The required output is the stretch from the line containing "the 1850s |" through the line containing "Fototapeta premium Modern" in the records below, unaltered and with no pictures.

[[ Records for this task, beginning ]]

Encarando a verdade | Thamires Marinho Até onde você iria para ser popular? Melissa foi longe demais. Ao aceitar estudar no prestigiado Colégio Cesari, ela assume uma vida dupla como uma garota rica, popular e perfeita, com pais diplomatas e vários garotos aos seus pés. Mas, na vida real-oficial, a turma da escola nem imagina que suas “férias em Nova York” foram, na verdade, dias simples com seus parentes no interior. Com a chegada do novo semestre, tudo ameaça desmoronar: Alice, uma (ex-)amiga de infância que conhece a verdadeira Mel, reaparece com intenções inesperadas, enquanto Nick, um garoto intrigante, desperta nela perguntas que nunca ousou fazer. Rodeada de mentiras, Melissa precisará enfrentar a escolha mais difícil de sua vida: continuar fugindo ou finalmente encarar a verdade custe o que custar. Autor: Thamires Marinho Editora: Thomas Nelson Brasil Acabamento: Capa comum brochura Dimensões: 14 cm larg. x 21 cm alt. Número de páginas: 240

[[ Records for this task, end ]]
[[ Records for this task, beginning ]]

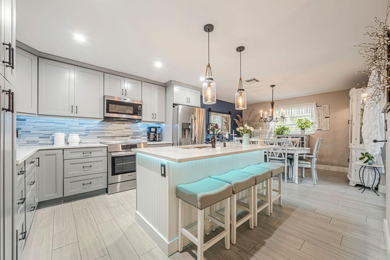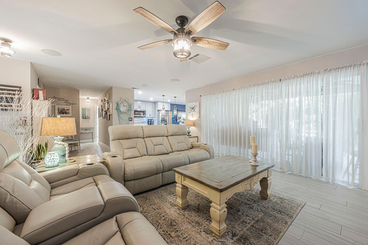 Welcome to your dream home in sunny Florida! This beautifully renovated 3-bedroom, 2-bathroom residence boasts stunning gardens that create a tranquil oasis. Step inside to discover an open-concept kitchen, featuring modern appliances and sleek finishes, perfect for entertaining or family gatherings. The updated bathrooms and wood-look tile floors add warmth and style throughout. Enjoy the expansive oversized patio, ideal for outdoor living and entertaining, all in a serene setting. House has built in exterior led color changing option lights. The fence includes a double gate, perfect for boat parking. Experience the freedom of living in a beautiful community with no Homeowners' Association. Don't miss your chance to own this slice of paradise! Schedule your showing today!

[[ Records for this task, end ]]
[[ Records for this task, beginning ]]

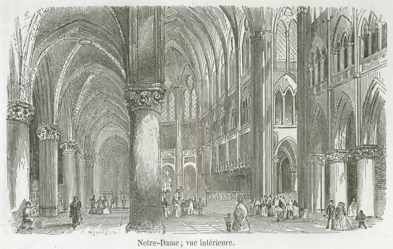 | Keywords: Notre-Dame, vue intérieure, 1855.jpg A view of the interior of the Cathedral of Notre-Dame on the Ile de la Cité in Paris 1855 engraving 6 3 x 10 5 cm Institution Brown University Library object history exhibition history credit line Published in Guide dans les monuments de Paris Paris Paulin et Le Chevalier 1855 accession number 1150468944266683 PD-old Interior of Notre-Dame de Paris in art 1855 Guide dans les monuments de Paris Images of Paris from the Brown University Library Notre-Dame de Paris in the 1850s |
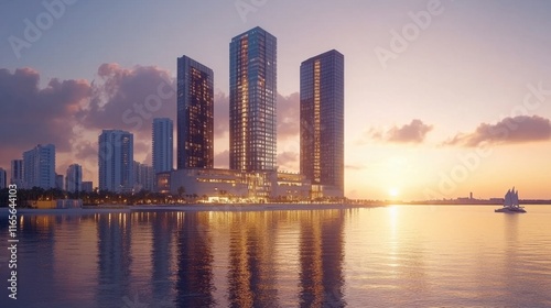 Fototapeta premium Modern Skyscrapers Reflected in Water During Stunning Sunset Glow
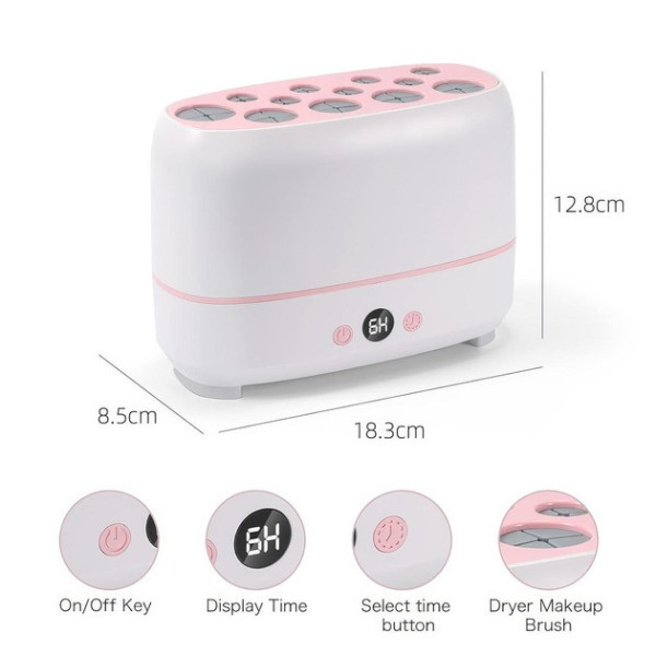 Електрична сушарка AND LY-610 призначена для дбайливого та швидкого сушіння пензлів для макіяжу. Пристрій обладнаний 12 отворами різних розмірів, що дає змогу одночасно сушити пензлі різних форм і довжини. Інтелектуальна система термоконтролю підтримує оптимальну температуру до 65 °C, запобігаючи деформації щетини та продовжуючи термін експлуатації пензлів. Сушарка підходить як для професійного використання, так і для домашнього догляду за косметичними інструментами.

[[ Records for this task, end ]]

* [Answer to the exercise]
 | Keywords: Notre-Dame, vue intérieure, 1855.jpg A view of the interior of the Cathedral of Notre-Dame on the Ile de la Cité in Paris 1855 engraving 6 3 x 10 5 cm Institution Brown University Library object history exhibition history credit line Published in Guide dans les monuments de Paris Paris Paulin et Le Chevalier 1855 accession number 1150468944266683 PD-old Interior of Notre-Dame de Paris in art 1855 Guide dans les monuments de Paris Images of Paris from the Brown University Library Notre-Dame de Paris in the 1850s |
 Fototapeta premium Modern Skyscrapers Reflected in Water During Stunning Sunset Glow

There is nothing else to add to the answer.